A great deal of discussion takes place at every plastic surgery meeting about the usefulness and safety of breast augmentation with the patients own fat cells placed by needle injection. While the technique is simple, and technically safe, it can be both time consuming and expensive.
The usefulness issues stem not from appearance of the injected breasts but whether or not there is reasonable longevity of the result to justify the cost and inconvenience of the procedure. Specifically if the fat “melts” away in less than one year, the only cosmetic result to the patient is that of the liposuction to harvest the fat.
This issue remains unresolved to the point that primary augmentation of the breast with fat is a procedure still in its infancy.
Filling in defects in previously implanted or reconstructed breasts requires much less volume in smaller areas, and initial data indicates the improvements last long enough, several years or more, to make the technique far more prevalent.
Neither operation carries any significant surgical risks. The safety issues revolve about the effect on cancer detection in breasts which have had large volumes of fat introduced by needle injection. This is not an issue in “touch up” injections for reconstructed breasts or in the small fill in areas of breasts augmented by implants.
With the amount of interest in fat injections into breast tissue I expect the cancer diagnostic issues to be resolved one way or another in the next two to three years. Many investigations or underway to improve the longevity of fat augmentations, but until the procedure becomes more popular; the effectiveness of the technique is still in question.
If you can inject fat in, can you inject it away?
The removal of small unsightly pockets of fat with out significant surgery has been the subject of much interest, especially when the skin surface is plagued by cellulite. No good surgical techniques treat cellulite effectively, and treatments to the skin surface may well improve it but do little for the small bulges which can be just as unsightly.
Micro-cannula liposuction and Smart Lipo laser fat melting are very good in small areas but require anesthesia and some healing time. The trend toward “lunch hour” procedures requiring no anesthesia has led to the adaptation of less invasive techniques .Specifically the pseudo science of mesotherapy which uses tiny needles and a “witches brew “of solutions injected beneath the skin for cellulite, to be extended to try to dissolve larger volumes of fat. The chemicals used for this purpose are not at all standardized and many of them are not FDA approved.

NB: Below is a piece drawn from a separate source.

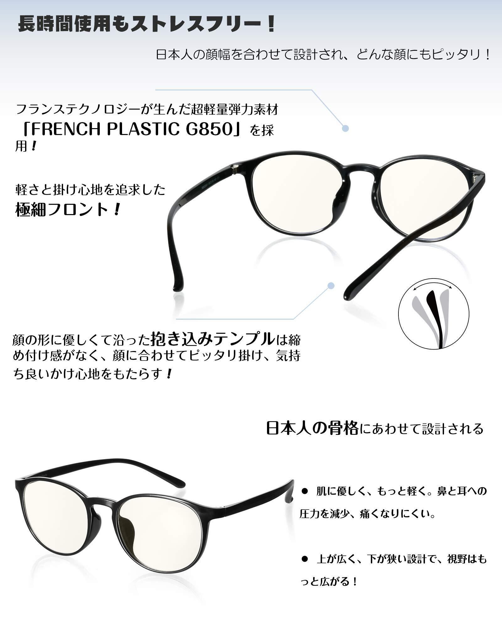 【超軽い掛け心地】超軽量弾力「FRENCH PLASTIC G850」材質を採用し、思ったよりすごく軽くて圧迫感もなく快適な掛け心地!毎日使ってももちろん!日本人の顔幅を合わせて設計され、どの顔にも気楽に掛けられる!
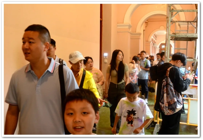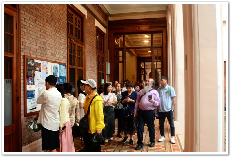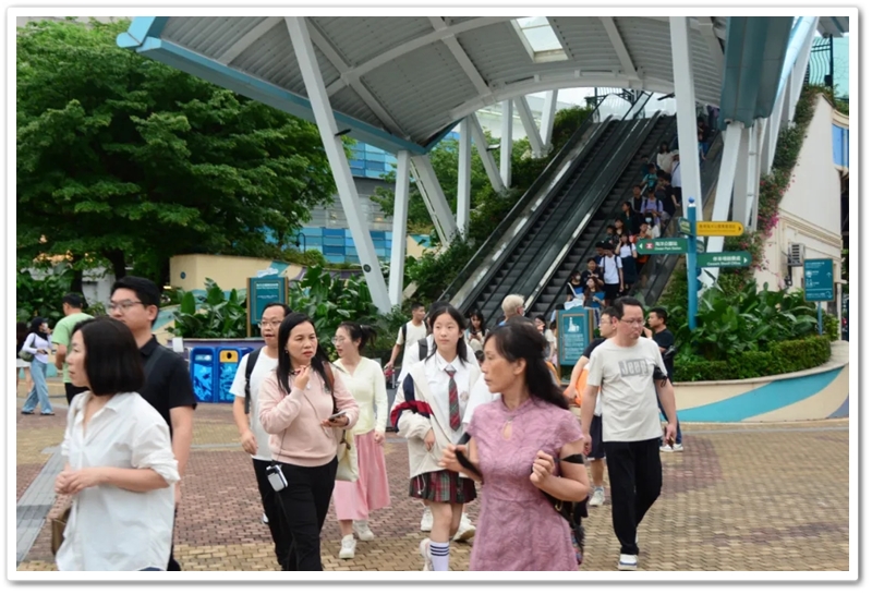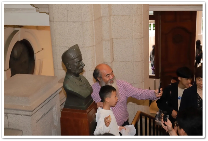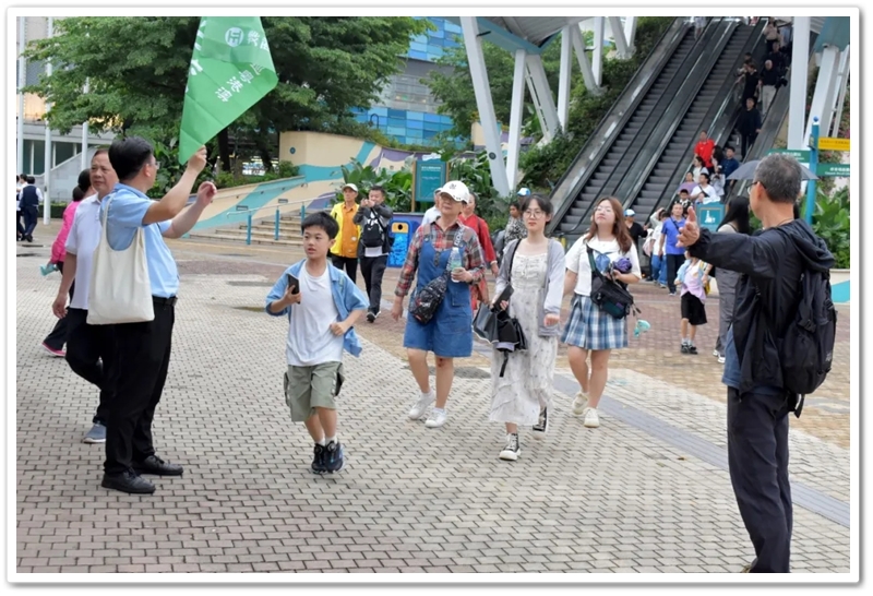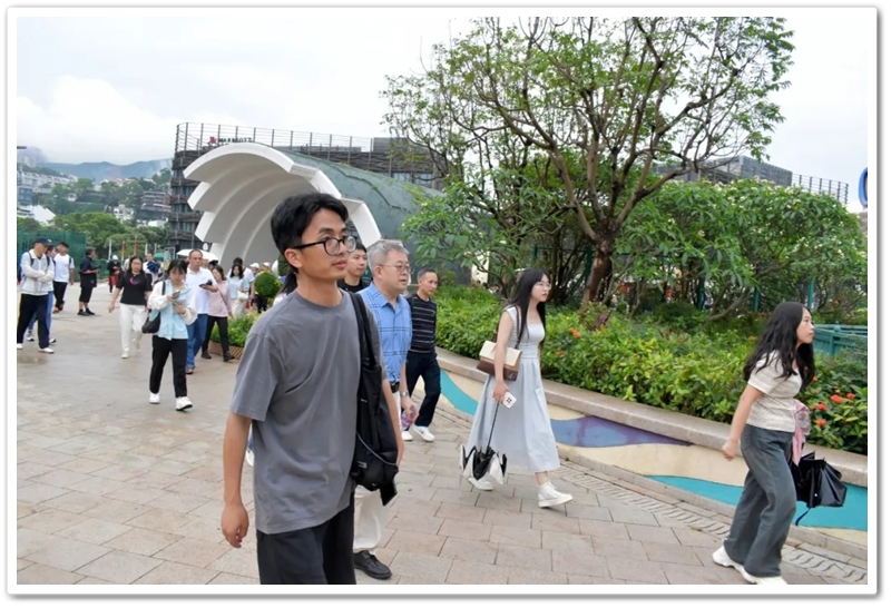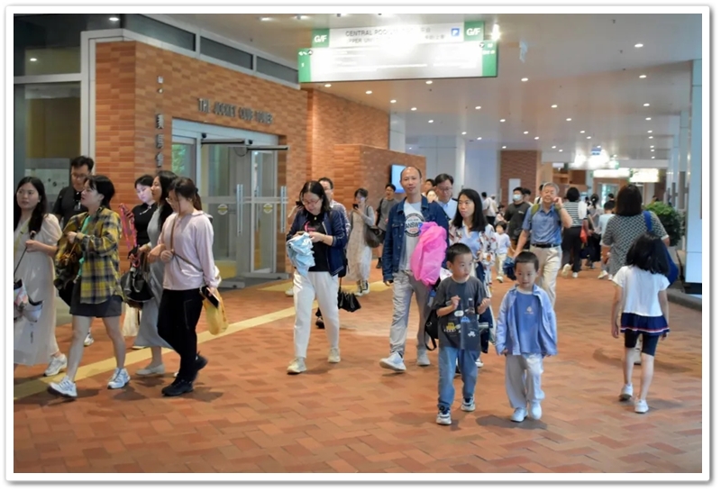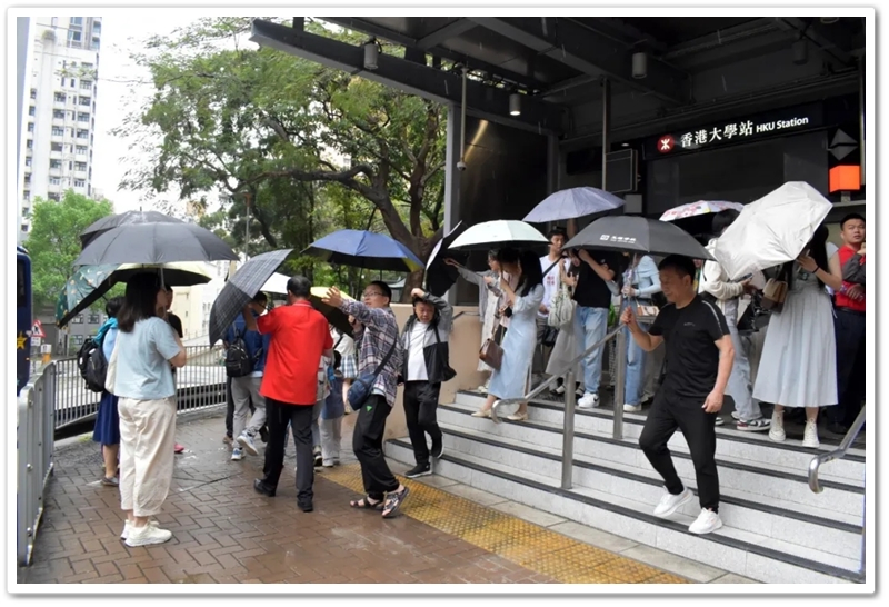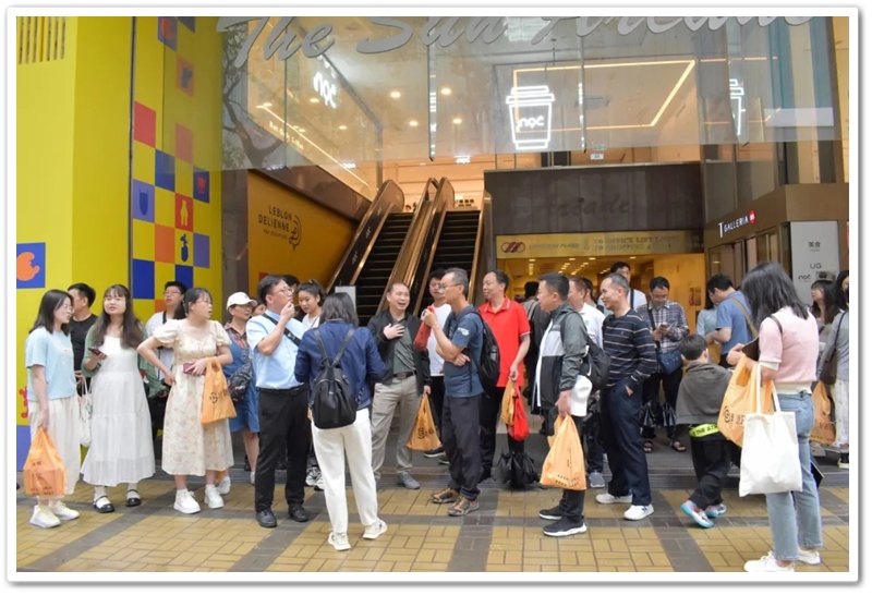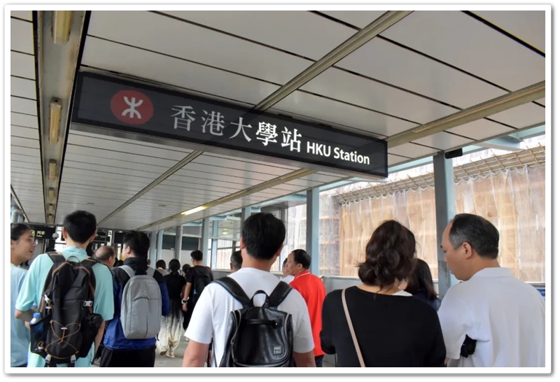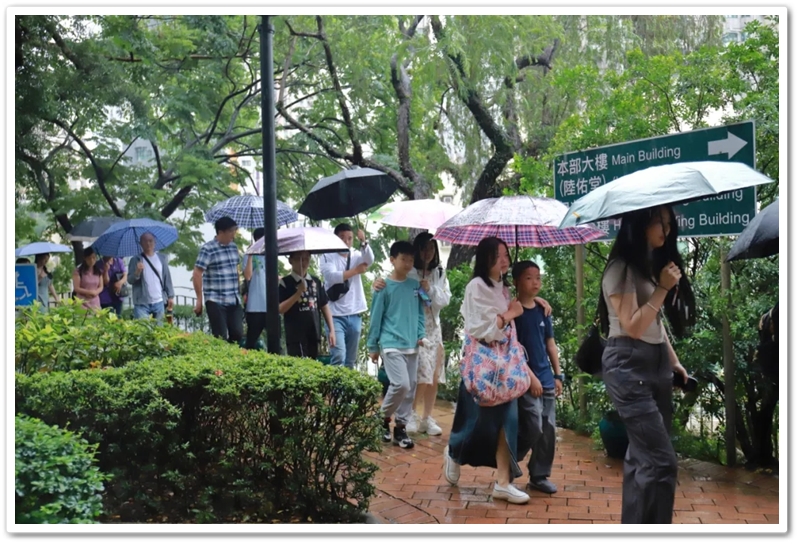 五一上午,老师们分乘6辆大巴浩浩荡荡来到香港大学。香港导游领路,正源“车长”带队,南巡粤港澳团队317名成员分成6支队伍陆续入校,分头参观。

Its quite obvious that the implementation of random substance injections can cause significant problems for the patients and the physicians, the least of these being little or no results the worse loss of the skin surface and scarring. The state of Kansas has gone so far as to outlaw the use of injections to dissolve fat, and they are not endorsed but the American Society of Plastic Surgeons.
In infiltration of a small volume of local anesthesia hurts less that the needle injections for dissolving fat and the tiny hole left behind by the ultra small cannula is virtually undetectable. The healing time is minimal and the results are permanent. These are the preferred methods for unsightly bulges.